### WHAT YOU NEED TO DO:
Below are the records; extract from them the line containing "This is a wonderful" to the line containing "프로그램 관리 페이지, 캠페인", both lines included, exactly and with no pictures.

::: PROVIDED RECORDS :::

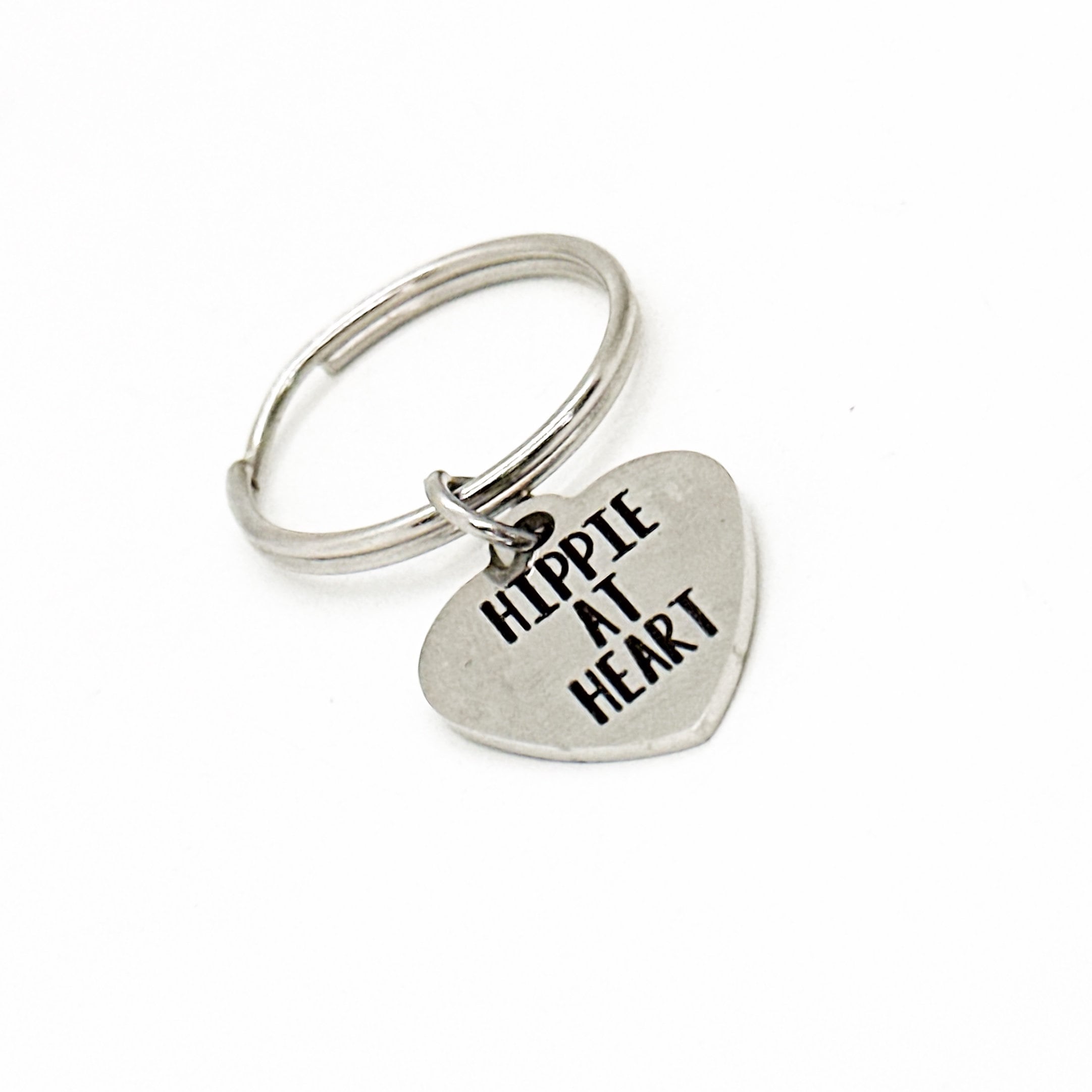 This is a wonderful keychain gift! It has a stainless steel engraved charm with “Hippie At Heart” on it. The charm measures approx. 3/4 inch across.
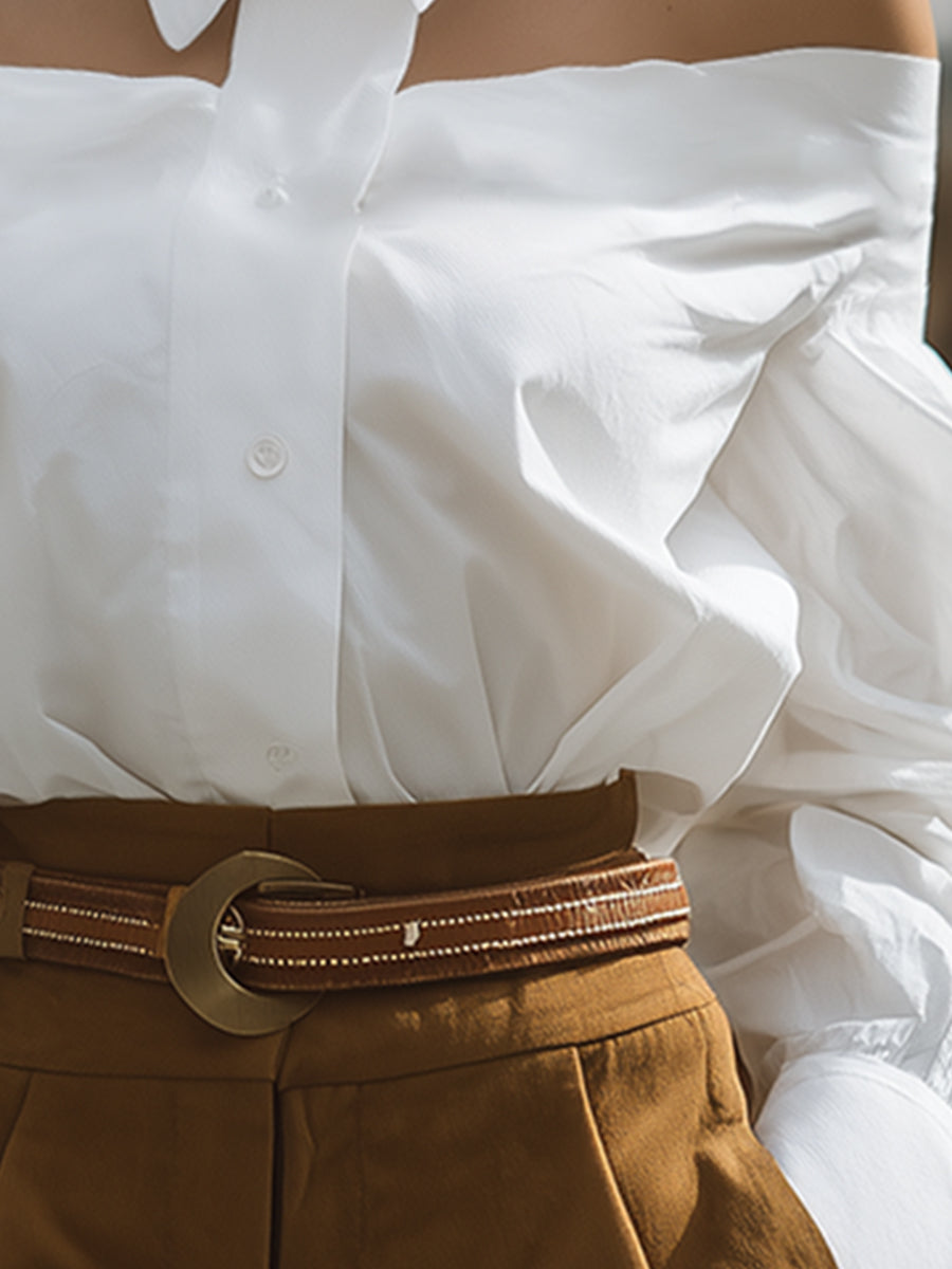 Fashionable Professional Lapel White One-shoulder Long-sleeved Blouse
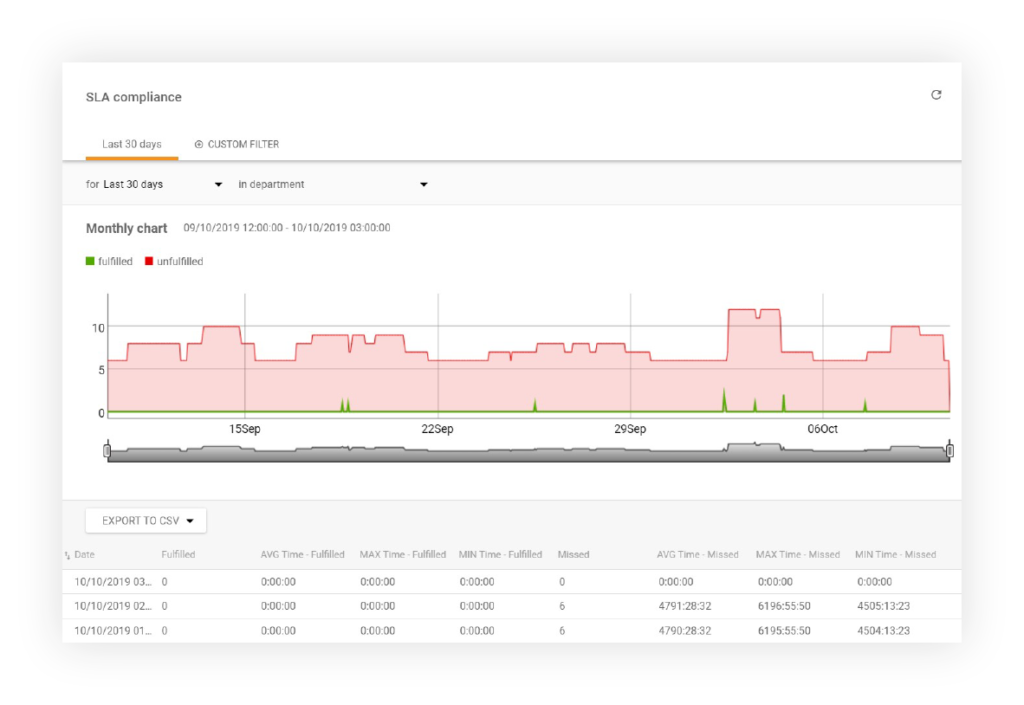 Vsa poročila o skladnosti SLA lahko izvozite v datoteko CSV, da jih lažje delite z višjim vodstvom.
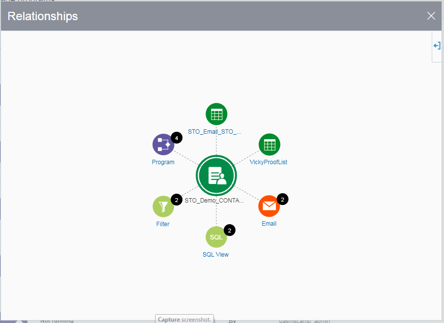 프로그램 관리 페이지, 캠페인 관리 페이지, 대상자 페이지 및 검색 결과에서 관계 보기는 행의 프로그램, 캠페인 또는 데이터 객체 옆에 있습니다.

:::
::: PROVIDED RECORDS :::

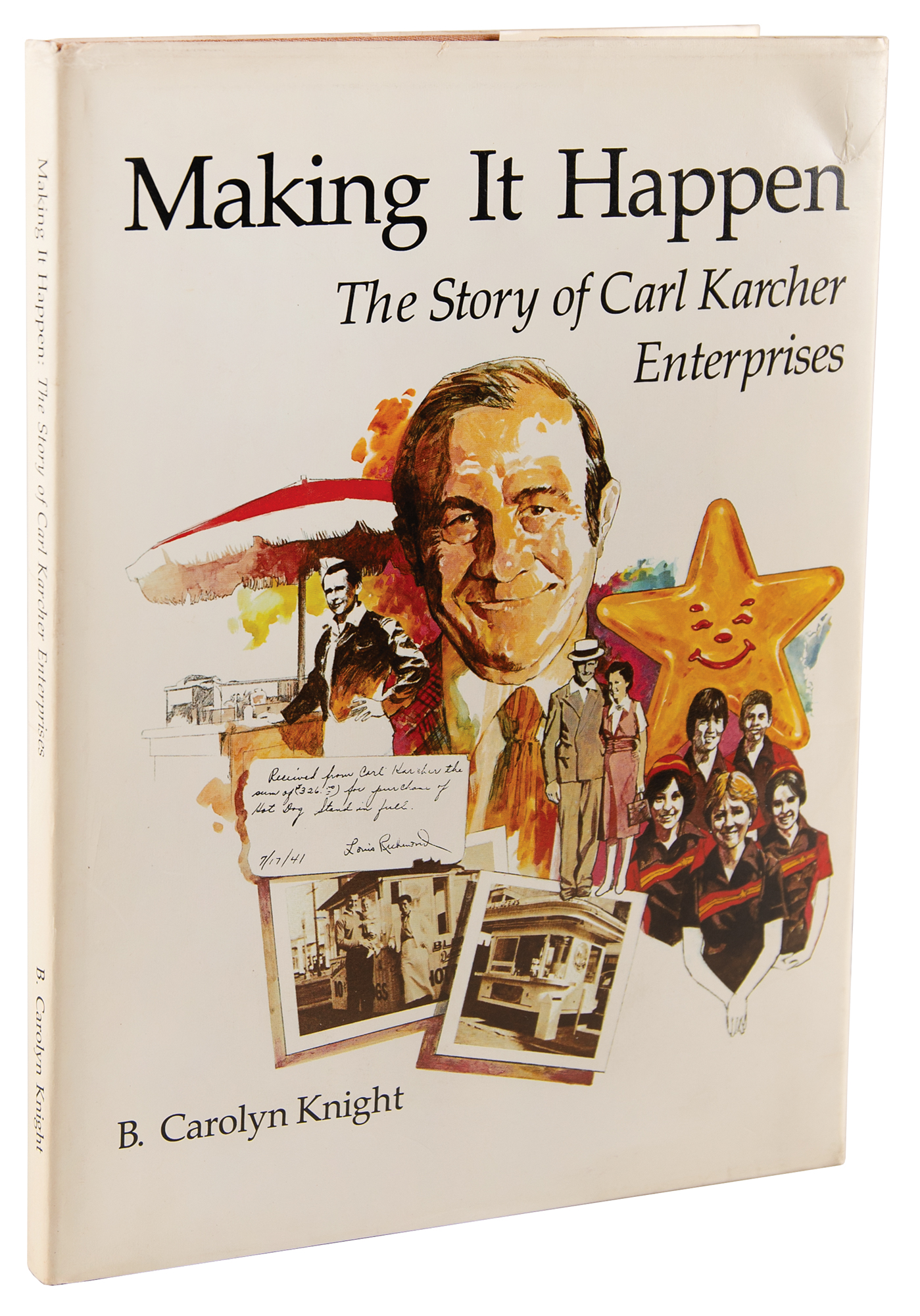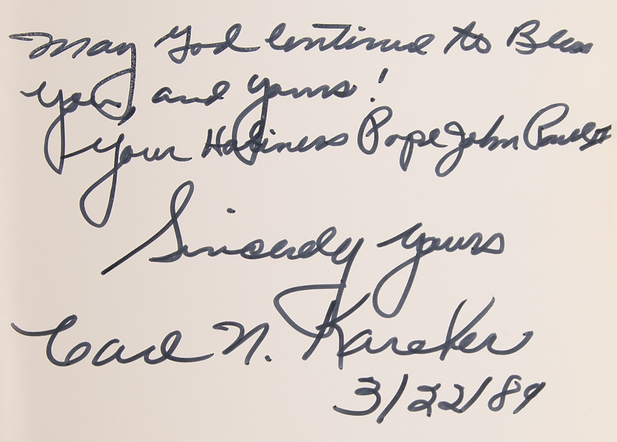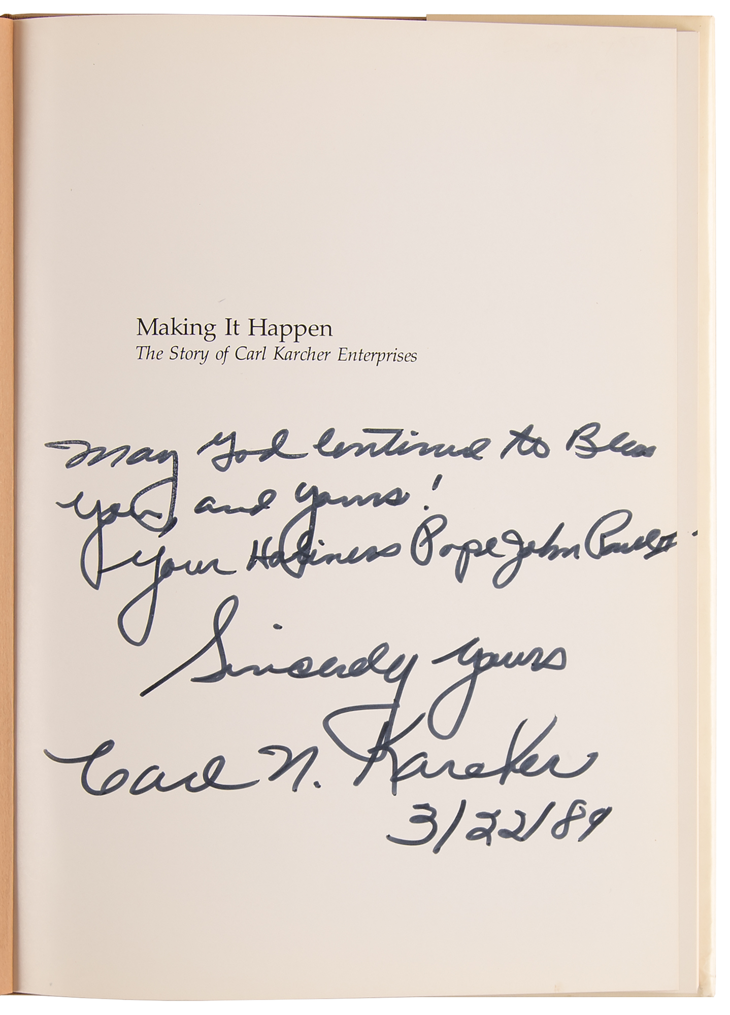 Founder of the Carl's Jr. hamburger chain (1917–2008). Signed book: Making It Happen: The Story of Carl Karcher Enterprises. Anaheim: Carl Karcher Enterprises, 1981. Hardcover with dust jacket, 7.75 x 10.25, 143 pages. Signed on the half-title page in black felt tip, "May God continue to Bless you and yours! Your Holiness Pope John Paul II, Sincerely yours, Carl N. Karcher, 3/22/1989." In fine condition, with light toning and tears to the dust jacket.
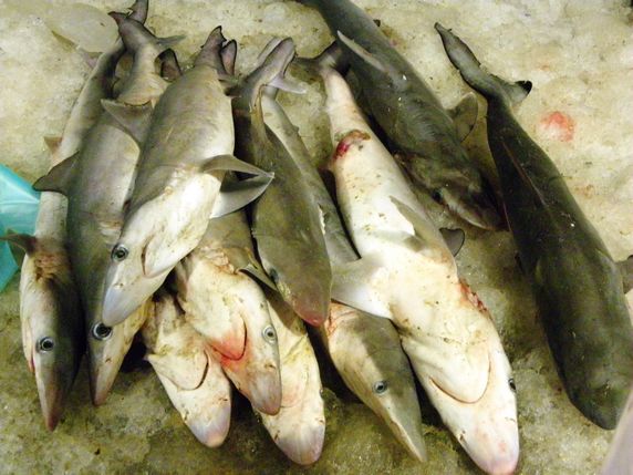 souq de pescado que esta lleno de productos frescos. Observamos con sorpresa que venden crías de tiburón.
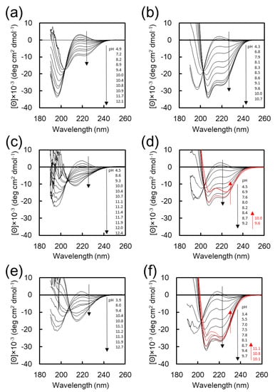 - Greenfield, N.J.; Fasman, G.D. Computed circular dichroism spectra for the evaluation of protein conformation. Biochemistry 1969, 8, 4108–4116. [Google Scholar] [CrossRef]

:::

### ANSWER TO THIS PROBLEM:
 This is a wonderful keychain gift! It has a stainless steel engraved charm with “Hippie At Heart” on it. The charm measures approx. 3/4 inch across.
 Fashionable Professional Lapel White One-shoulder Long-sleeved Blouse
 Vsa poročila o skladnosti SLA lahko izvozite v datoteko CSV, da jih lažje delite z višjim vodstvom.
 프로그램 관리 페이지, 캠페인 관리 페이지, 대상자 페이지 및 검색 결과에서 관계 보기는 행의 프로그램, 캠페인 또는 데이터 객체 옆에 있습니다.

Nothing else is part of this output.